919 F.2d 144
NOTICE: Ninth Circuit Rule 36-3 provides that dispositions other than opinions or orders designated for publication are not precedential and should not be cited except when relevant under the doctrines of law of the case, res judicata, or collateral estoppel.
Mary DONNELLY, heir of Pearl Little Estate, Mary Goldstein,
her power of attorney, Plaintiffs-Appellants,
HERB SIMON ASSOCIATES, INC., Adam Neisner, beneficiary,
Chicago Title Insurance Company, Defendants-Appellees,
Estate of Pearl Little, deceased, Defendant-Intervenor.
United States Court of Appeals, Ninth Circuit.
Submitted Nov. 27, 1990.*
Decided Nov. 29, 1990.
Before WALLACE, DAVID R. THOMPSON, and TROTT, Circuit Judges.
Mary Donnelly and her "power of attorney," Mary Goldstein, ("Donnelly") appeal the district court's dismissal of their action and denial of their motion for a preliminary injunction against Herb Simon Associates, Inc., Adam Neisner, and Chicago Title Insurance Company for lack of subject-matter jurisdiction. We have jurisdiction pursuant to 28 U.S.C. Sec. 1291. We review de novo, see Elias v. Connett, 908 F.2d 521, 523 (9th Cir.1990); Dweck v. Japan CBM Corp., 877 F.2d 790, 792 (9th Cir.1989), and affirm.
In the complaint, Donnelly, an heir to the estate of Pearl Little, alleged collusion and concealment by the defendants in the buying and selling of the primary asset of the Little estate, real property located on San Juan Island in Washington state. The district court, however, found the complaint failed to state a claim upon which relief could be granted. The district court granted Donnelly 30 days to file an amended complaint. The Estate of Pearl Little moved to intervene and to dismiss the case either for lack of subject-matter jurisdiction or for failure to state a claim. Donnelly then filed a motion for a preliminary injunction to stop the sale of the property contending it contained federally protected Indian burial grounds. The district court dismissed Donnelly's complaint with prejudice and denied their motion for a preliminary injunction, concluding the court was without subject-matter jurisdiction and that Donnelly had "provide[d] no evidence that the land in question has federal protection, nor that any federal law prevents its sale."

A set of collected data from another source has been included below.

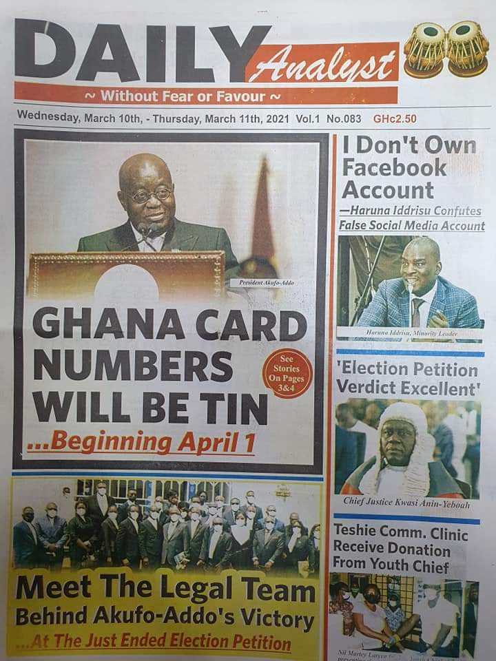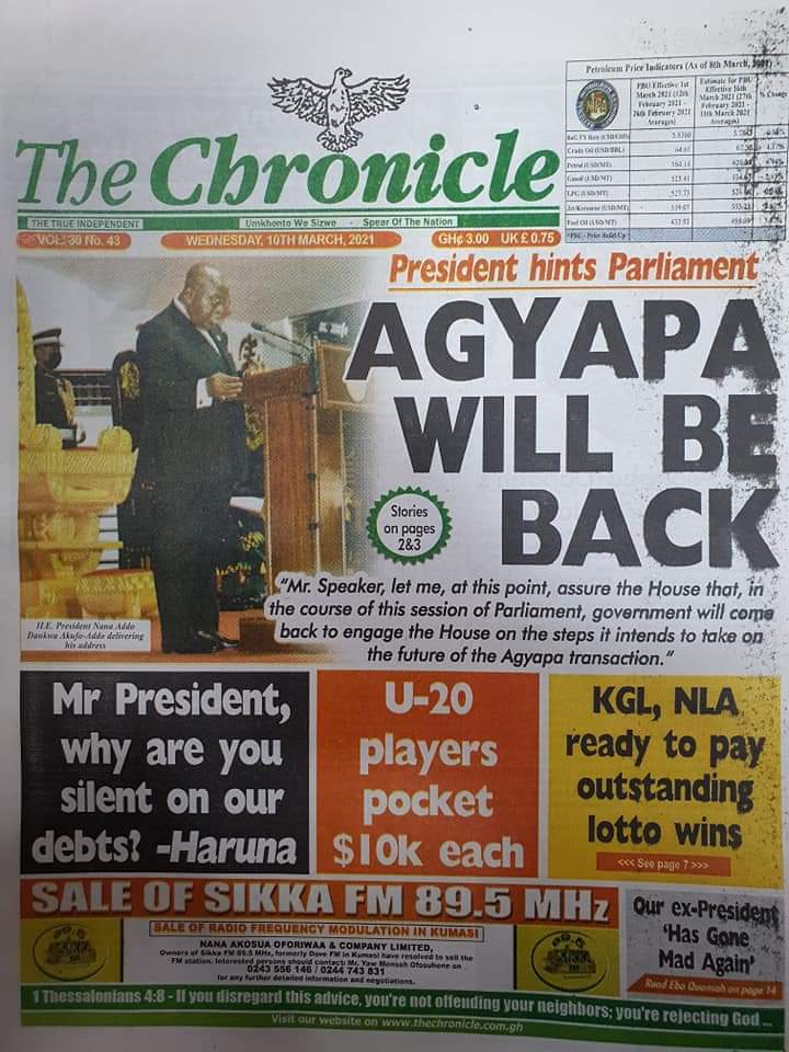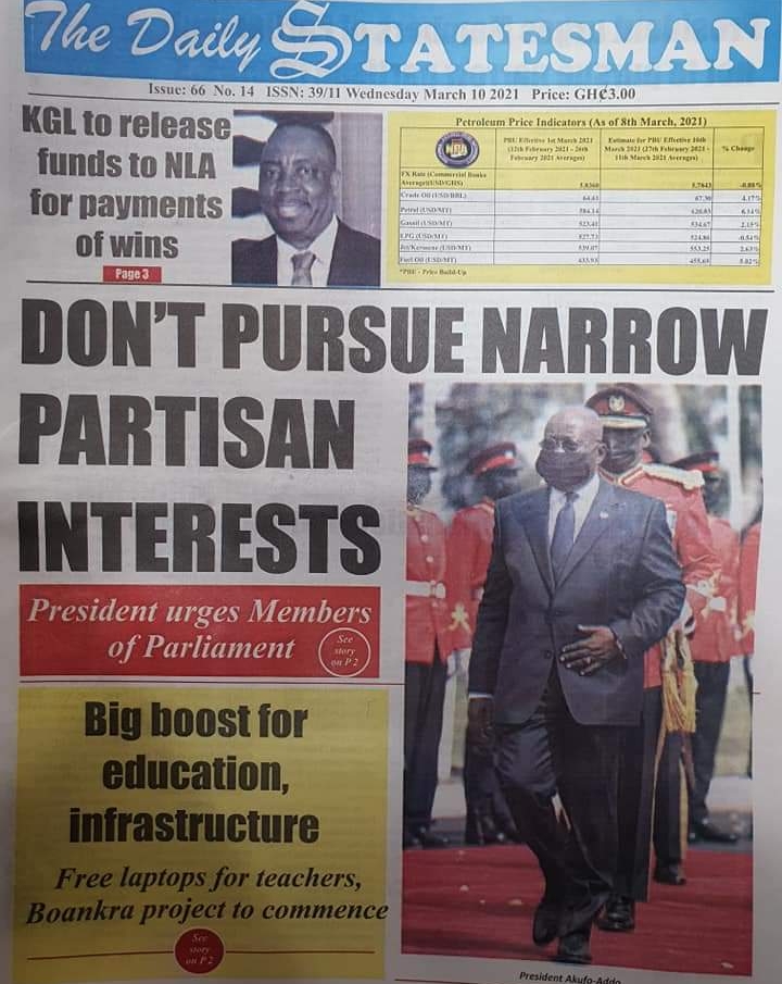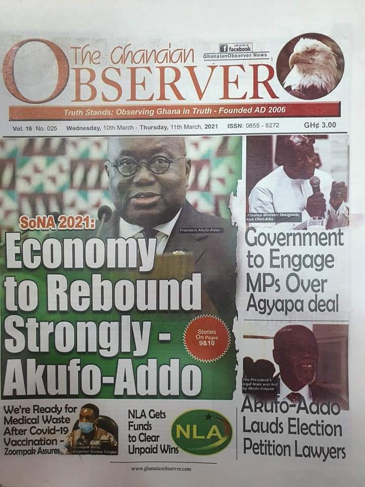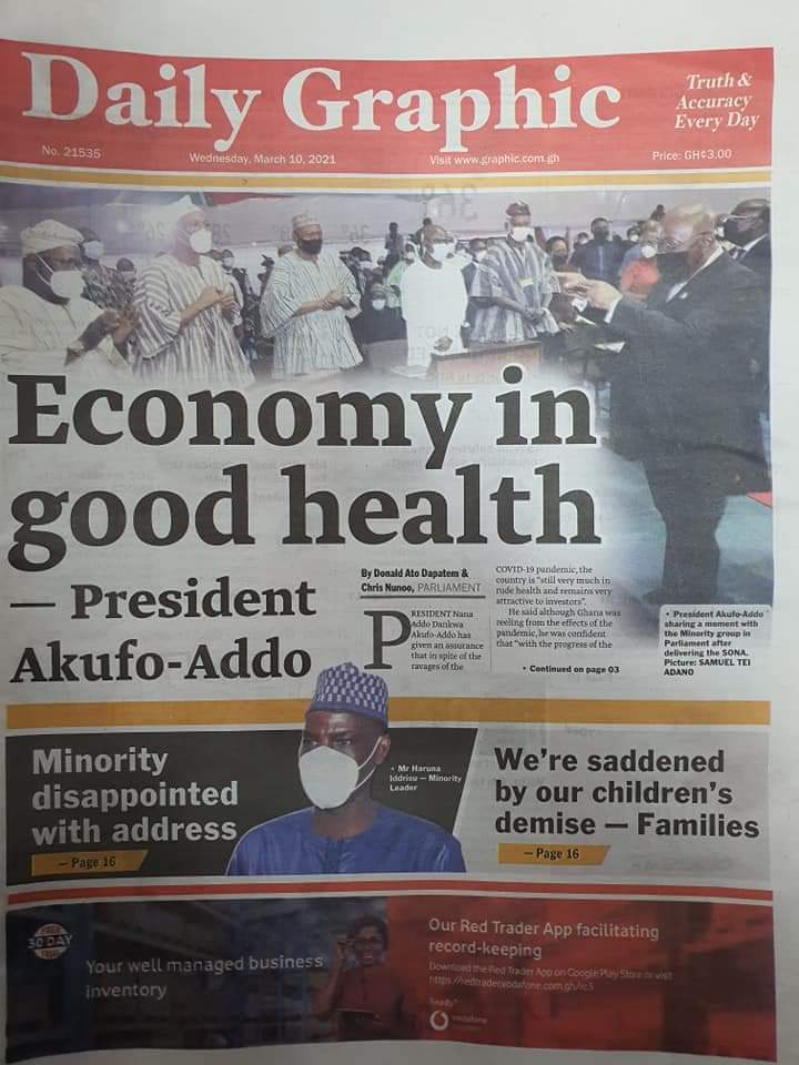 Newspaper Headlines: Wednesday, March 10, 2021 Newspaper Headlines March 10, 2021 7:59 am - Audio By Carbonatix FacebookWhatsAppTwitterTelegramEmailPinterestPrint Previous articleNsoromma Season 3 finaleNext articleDon’t buy Covid-19 vaccines online – FDA cautions RELATED ARTICLES Newspaper Headlines Newspaper headlines: Monday, November 24, 2025 Newspaper Headlines Newspaper headlines: Friday, November 21, 2025 Newspaper Headlines Newspaper headlines: Thursday, November 20, 2025
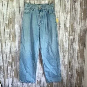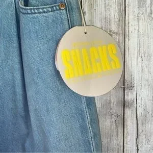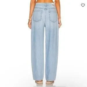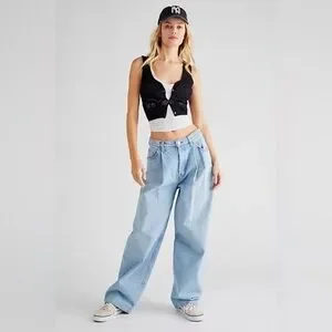 Designed with a dramatic high-rise waist, pleated front, and modern puddle/barrel leg fit, these jeans offer a fashion-forward take on classic denim. The “Just A Nibble” wash is a soft, versatile light blue perfect for year-round styling.
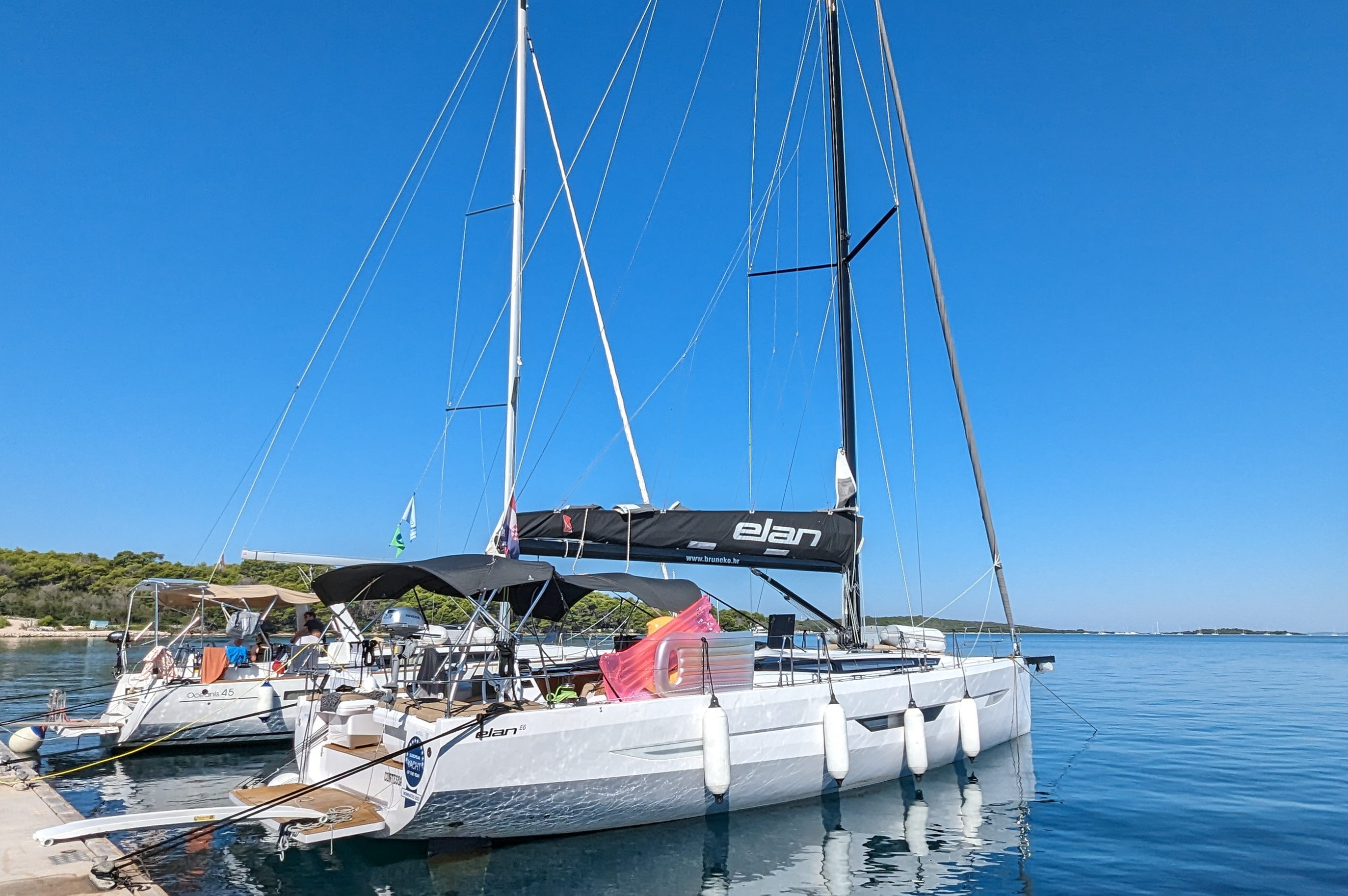 | Outside | 220 V-Landanschluss, Anker mit Kette, Badeleiter, Badeplattform, Biminitop, Cockpitdusche, Cockpitkühlschrank, Cockpitlautsprecher, Cockpitpolster, Cockpittisch, elektr. Ankerwinsch, Fender, Festmacherleinen, Gangway, Sprayhood, Teak im Cockpit, Wasserschlauch, Windex |
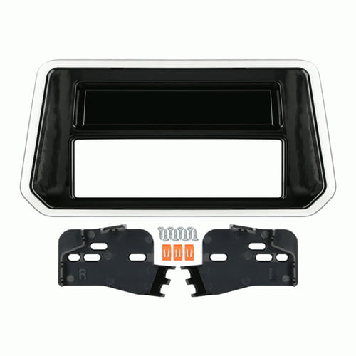 (1) This kit can only be used with an ISO DDIN radio with an “L” shaped chassis design, with the radio chassis at the bottom of the screen. As of this writing, only the Alpine INE-W967HD (discontinued, replaced by INE-W977HD), iLX-107, and iLX-207 have this design. Also, The Pioneer modular radios, DMH-C2550NEX and DMH-C2500NEX, can also be used with the included adapter brackets.
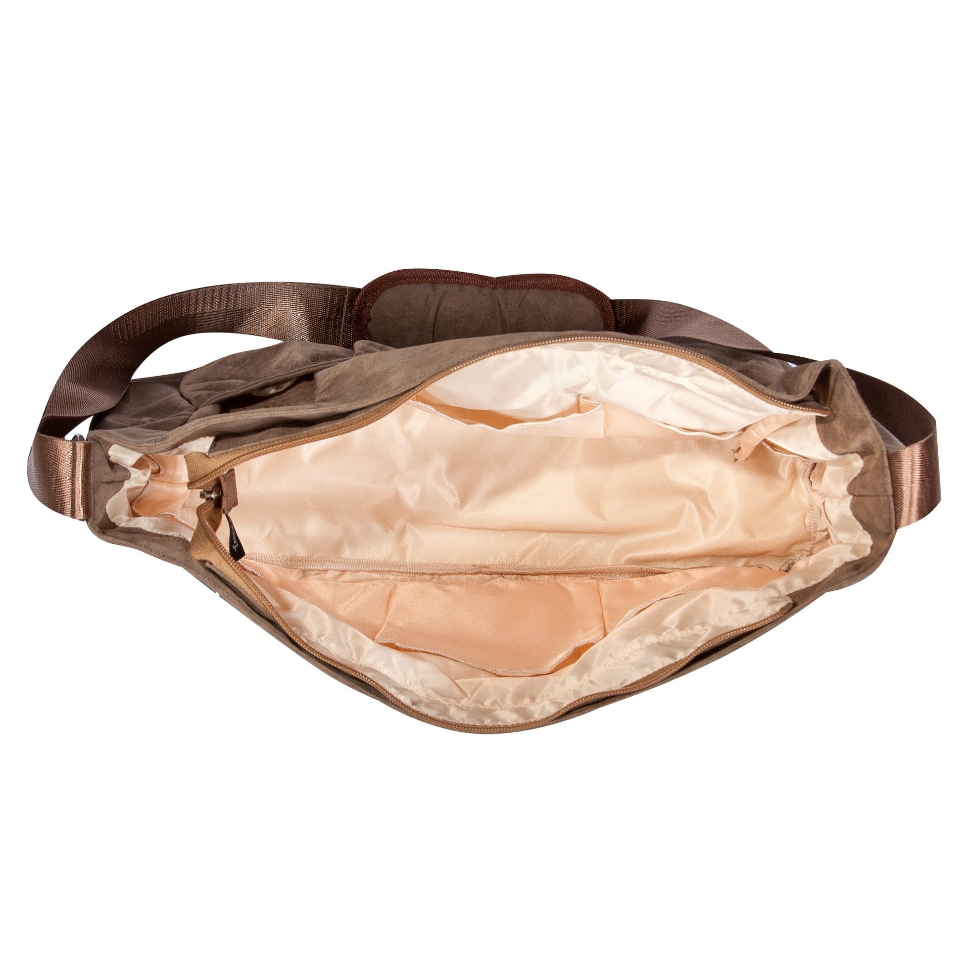 - Q: What materials is the diaper bag made of? A: The diaper bag is made from durable crinkle nylon with a tan nylon lining.
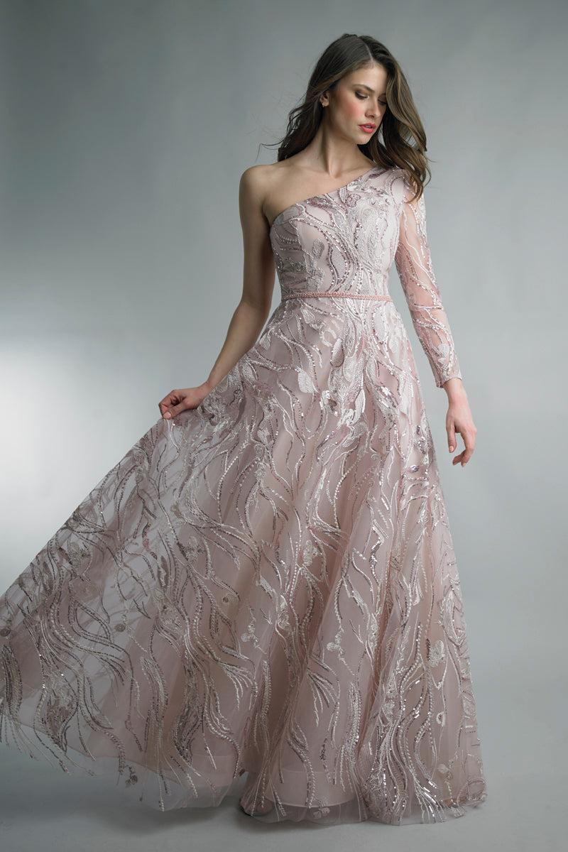 Вечернее платье с блестками и 1 рукавом
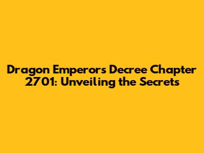 Hey guys, buckle up, because we're diving deep into the thrilling world of Dragon Emperor's Decree, specifically Chapter 2701! This chapter is a real game-changer, packed with juicy revelations and heart-stopping moments that will leave you on the edge of your seat. We're going to break down all the key elements, explore the major plot points, and discuss the implications for the future of our favorite characters. So, grab your snacks, get comfortable, and let's unravel the mysteries hidden within this epic chapter. We'll be talking about everything from power struggles and hidden identities to epic battles and unforeseen alliances. Get ready for a wild ride, because Chapter 2701 is not messing around! We will also talk about Dragon Emperor's Decree, exploring some of the great characters in the chapter, like the Emperor and more.
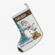 Calcetín Navideño Pequeño Cute Happy Purple Snowman con presentes
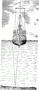 На рис. 153 вы видите схему установки. У одного борта корабля помещается в трюме, близ днища, патрон, порождающий при зажигании резкий звук. Звуковые волны несутся сквозь водную толщу, достигают дна моря, отражаются и бегут обратно, неся с собой эхо. Оно улавливается чувствительным прибором, установленным, как и патрон, у днища корабля. Точные часы измеряют промежуток времени между возникновением звука и приходом эхо. Зная скорость звука в воде, легко вычислить расстояние до отражающей преграды, т. е. определить глубину моря или океана.
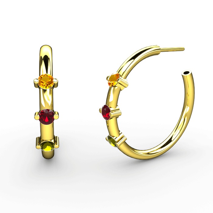 Peridot, garnet ve sitrin 8 ayar altın küpe
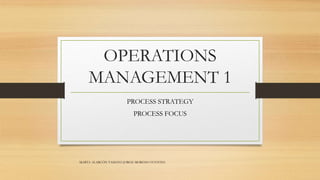 This document discusses different process strategies used in operations management. It describes process focus strategy as organizing facilities around specific processes to enable low-volume, high-variety production using general purpose equipment. Key aspects of process focus strategy include high product flexibility but also high costs and difficulties with production planning. The document contrasts process focus with repetitive focus, product focus, and mass customization strategies.
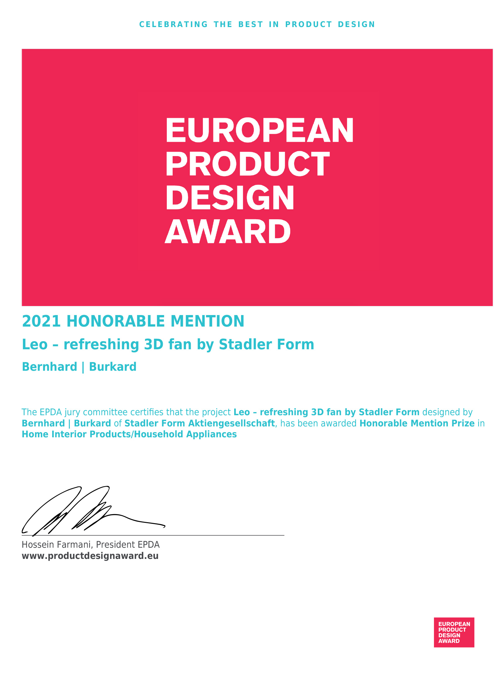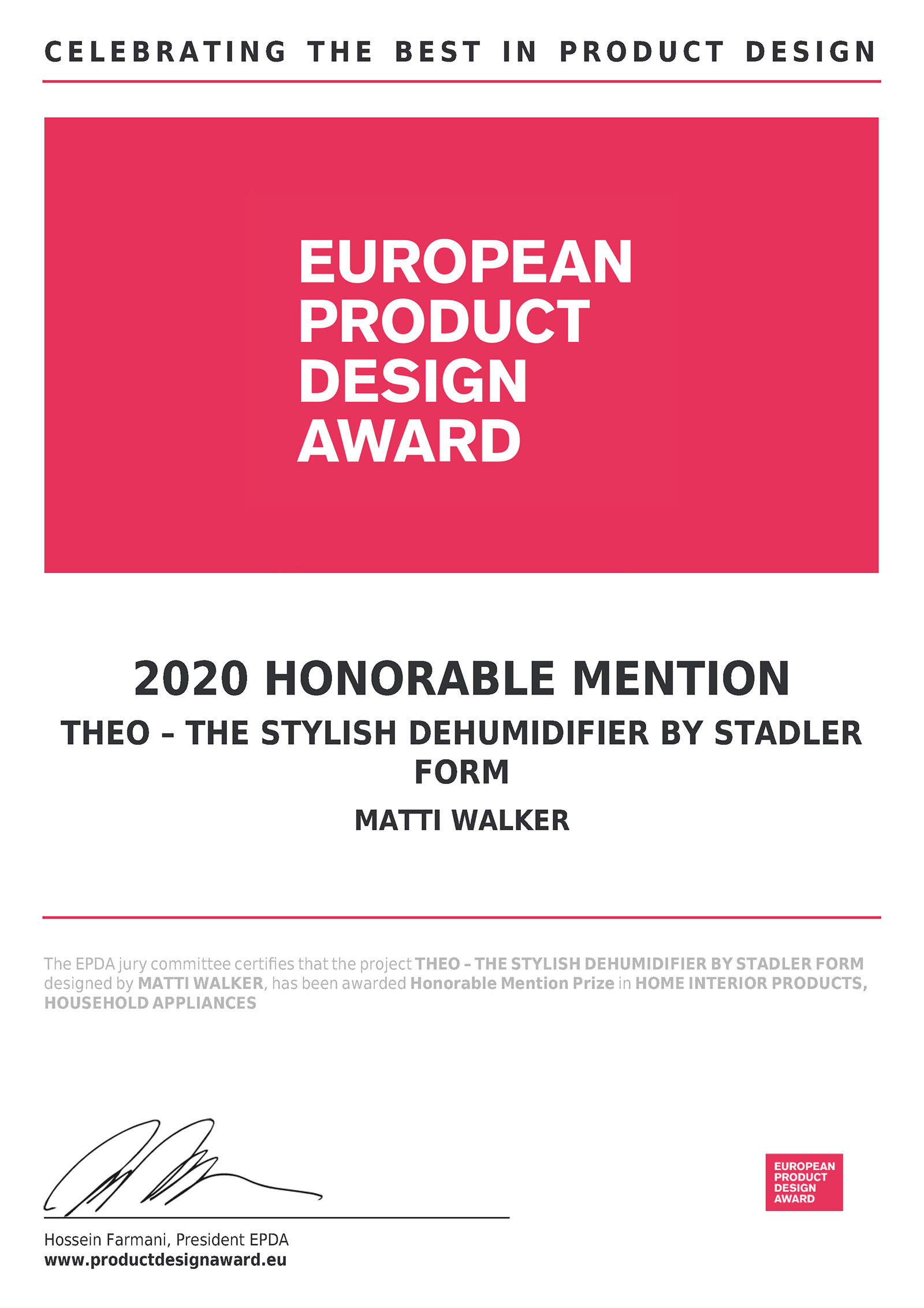 The German Design Award — это международная премия при Немецком Совете по дизайну. Награды присуждаются продуктам с высококлассным и уникальным дизайном, кардинально меняющим «ландшафт» этого искусства. Просто номинация на эту премию уже является знаком безупречного профессионализма и созидательного качества.
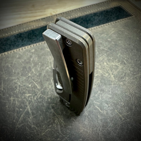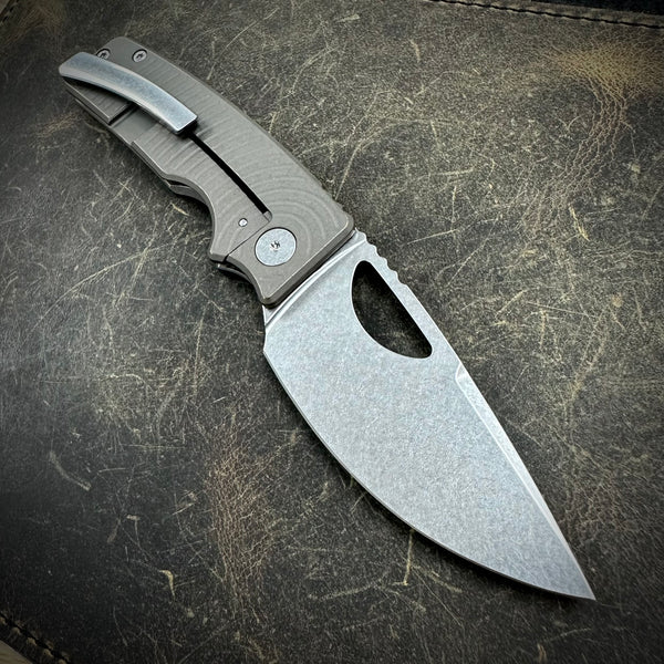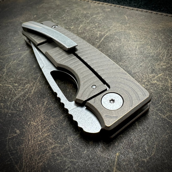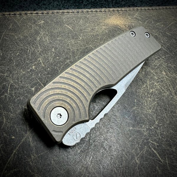 1 Standard Size Roosevelt in this configuration: 62-63 HRC stonewashed S45VN blade, bead blasted and stonewashed bronze anodized backspacer and Radial milled scales. Stonewashed clip and hardware. All Titanium construction.

On appeal, Donnelly reiterates the same claims offered to the district court. We hold Donnelly has failed to carry her burden to establish the existence of subject-matter jurisdiction. Accordingly, the district court did not err in dismissing their action and denying their motion for a preliminary injunction. See Dweck, 877 F.2d at 792.
The appellees request sanctions against Donnelly for bringing this appeal. This court has discretion to impose damages against litigants, even pro se, as a sanction for bringing a frivolous appeal. Fed.R.App.P. 38; 28 U.S.C. Sec. 1912; Wilcox v. Commissioner, 848 F.2d 1007, 1008-09 (9th Cir.1988) ($1,500 sanction imposed on pro se litigant for bringing a frivolous appeal). An appeal is frivolous if the results are obvious, or the arguments of error are wholly without merit. Wilcox, 848 F.2d at 1009 (citation omitted).
Donnelly's appeal is wholly without merit. In exercise of our discretion, however, we decline to impose sanctions on this appeal. Donnelly is advised, however, that frivolous litigation can subject her to substantial sanctions.